Прямо передо мной образовался голубой Бьюик с глупым щитком в заднем окне: «Горжусь сыном — почетным студентом Сиракузского университета!» Любая попытка поделиться чувствами представлялась мне обычно незлостною блажью, но в этот раз задыхавшийся от гордости Бьюик меня возмутил, и я налег на гудок.
— Знаешь его? — удивилась Амалия.
— Да! — выпалил я и загудел снова, потому что Бьюик перешел на прогулочную скорость. — Это идиот!
«Идиот» поделился новым переживанием: высунул в окно средний палец. Вся кровь, которою располагала моя плоть, ударила вверх, в отдаленную от этой плоти голову. Откликнулась ступня: раздавила газовую педаль и с лязгом поддала Бьюику в начищенный зад. Он заметался, но съезжать было некуда: мешали деревья. Я поддал ему еще раз — сильнее, и гордый родитель почетного студента сперва жалобно взвизгнул, потом с испугу испустил густое облачко дыма и рванулся вперед, как ошпаренный поросенок. Я помчался за ним, но на перекрестке он вдруг заскрипел и шмыгнул вправо. Подумав о гробе с Нателой, поворачивать на скорости я не рискнул и пролетел прямо. Сбавив ход, обернулся на Амалию, но она была невозмутима: правою рукой поддерживала себе живот, а левою, — голову Нателе.
— Кретин! — сконфуженно буркнул я.
Амалия пожала плечами, а я подумал, что она права: в кретинах удивляет лишь то, что считаешь, будто сам умнее.
— Я тоже! — признался я. — И чего я за ним увязался!
— Наоборот: надо было ехать за ним до конца, — спокойно ответила Амалия. — Я ж говорила: сверни у светофора. А сейчас уже все: выскакиваешь на хайвей, и это плохо. Здесь нигде нет разворота.

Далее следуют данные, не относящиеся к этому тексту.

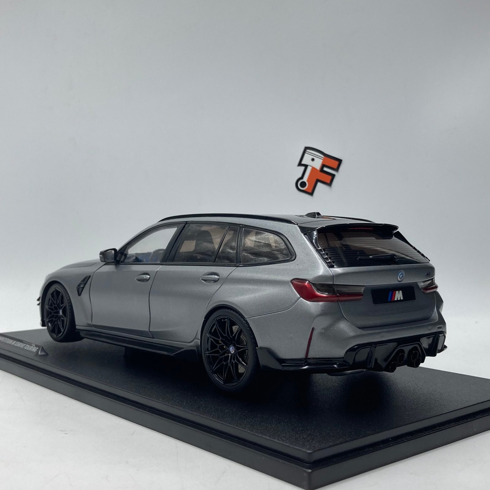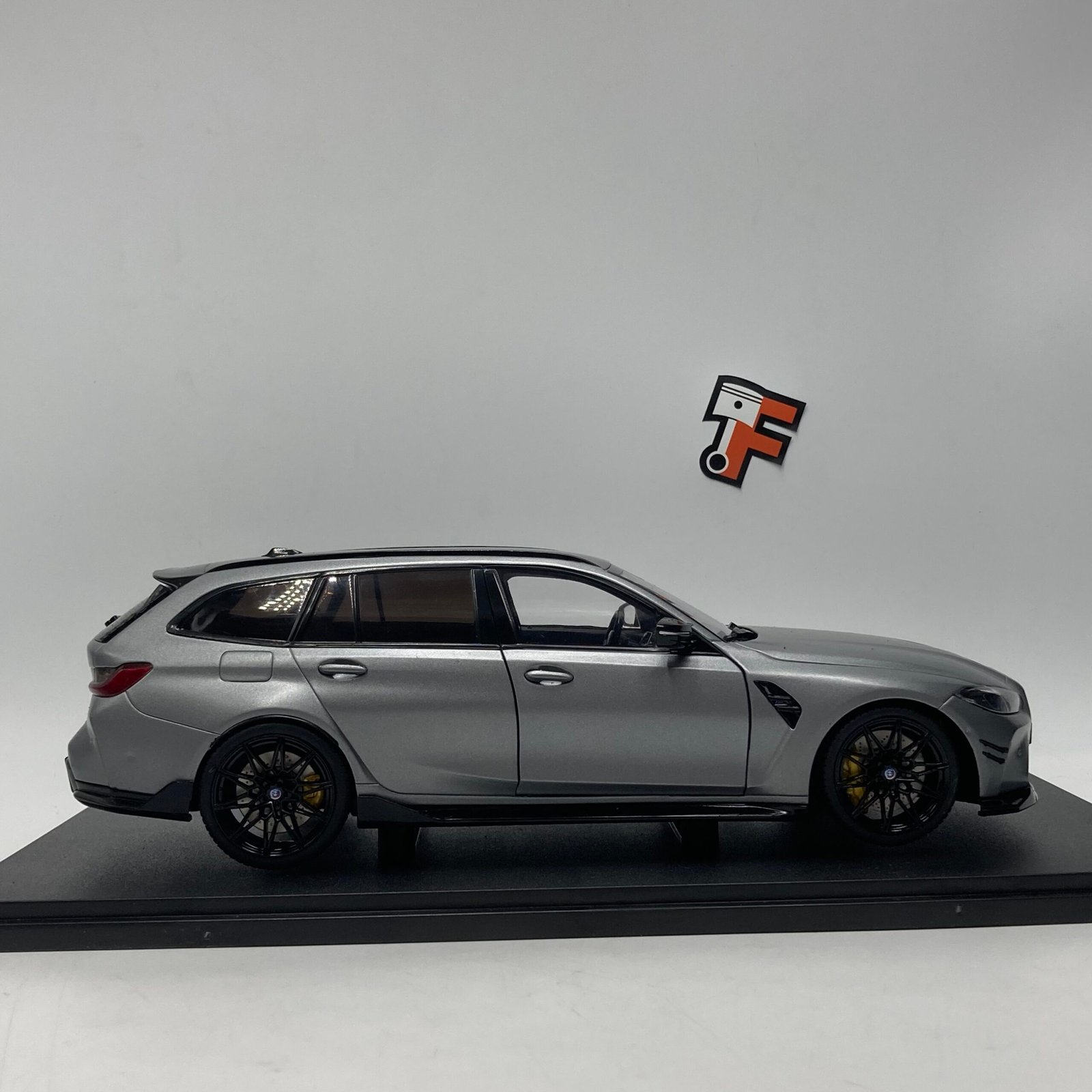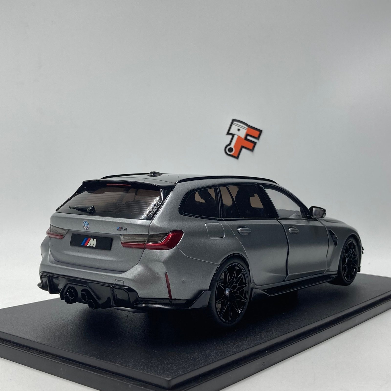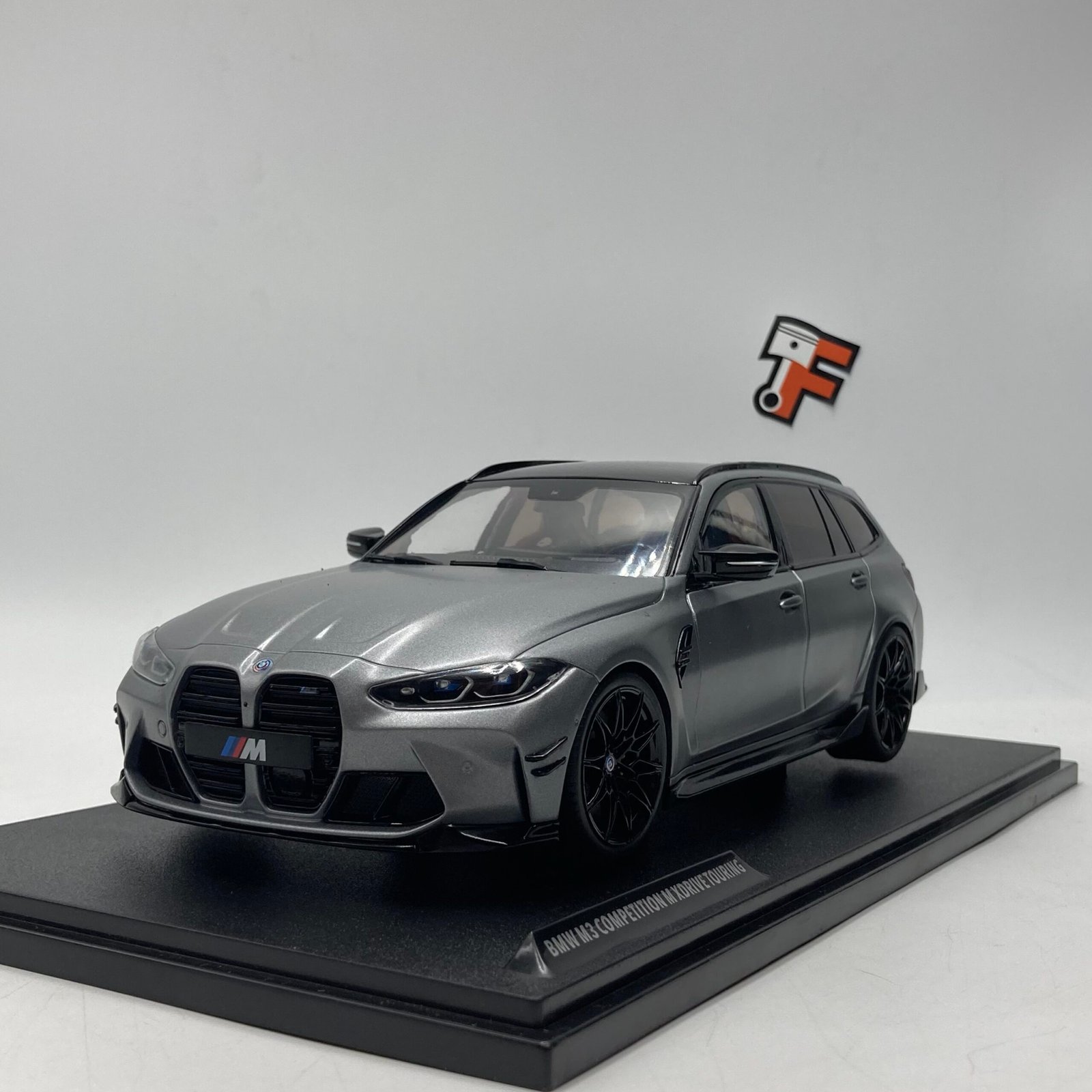 Cette miniature BMW M3 Touring (G81) 2023 reproduit une configuration particulièrement recherchée : la superbe teinte Frozen Pure Grey Metallic, une finition mate qui sublime les lignes agressives de la voiture.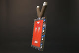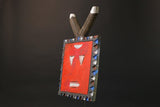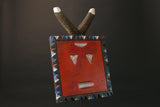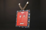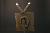 African Mask/African vintage/African figure This circular African mask, says Junior, has a crenellated border, with hollowed-out eyes topped with protruding conical pupils, it has a rectangular mouth in which was chiseled a teeth, in reference to the traditional image of teeth among young people. Reduced animal ears are shown on the rounded horns. The female kplekple mask, according to some authors (African Barbier-Mueller Masks, p.116) is said to be red. Vogel Baule) howeverindicates that in the Baoulé version of the Goli the male mask is painted red, and the feminine in black. It is likely that this allocation varies from village to village. Metal inlays. Dedicating the manifestation of a series offamily masks Goli, this circular mask with rounded horns evoking the antelope, is considered in some cases as a male mask, kplekple yassoua or yaswa

— Ты что?! — рассердился я. — Они ж уже все на кладбище!
— А выхода нет, — заявила Амалия. — Надо — в Манхэттен.
Додж выскочил на шоссе и — подобно щепке в потоке воды — сдался гудящей стихии мчавшихся в Манхэттен машин. Сковавшая меня паника обрела осмысленность — и от этого стало хуже. Я представил изумленные лица петхаинцев, вылезающих на кладбище из лимузинов и узнающих, что гроб еще не прибыл, и пикап затерялся. Как это затерялся?! То есть приехали на похороны, а хоронить некого?! Не может такого быть! А кто там за рулем? А кто еще? Куда же все-таки они могли деться? Представил себе жену, раввина, доктора, даже Занзибара. Так нельзя, решил я, надо что-то предпринимать! Тем более, что — ужас! — раньше, чем за час не обернуться! Принялся лихорадочно озираться по сторонам в надежде наткнуться взглядом на объект, который подсказал бы какую-нибудь идею. Наткнулся: впереди, на противоположной стороне шоссе, светилась бензоколонка.
— Есть мелочь? — выпалил я. — Для телефона.
— Есть, а что?
Я врубил поворотник и стал съезжать на узкую полосу вдоль барьера, разделявшего шоссе надвое. Сзади снова поднялась паника, но теперь — с идеей в голове — я реагировал адекватно, то есть послал всех в жопу: остановившись напротив бензоколонки, выключил мотор.
— Бензин? — спросила Амалия.
Я бросил взгляд на бензомер: стрелка была на нуле.
— Дай мелочь и жди меня здесь! — крикнул я.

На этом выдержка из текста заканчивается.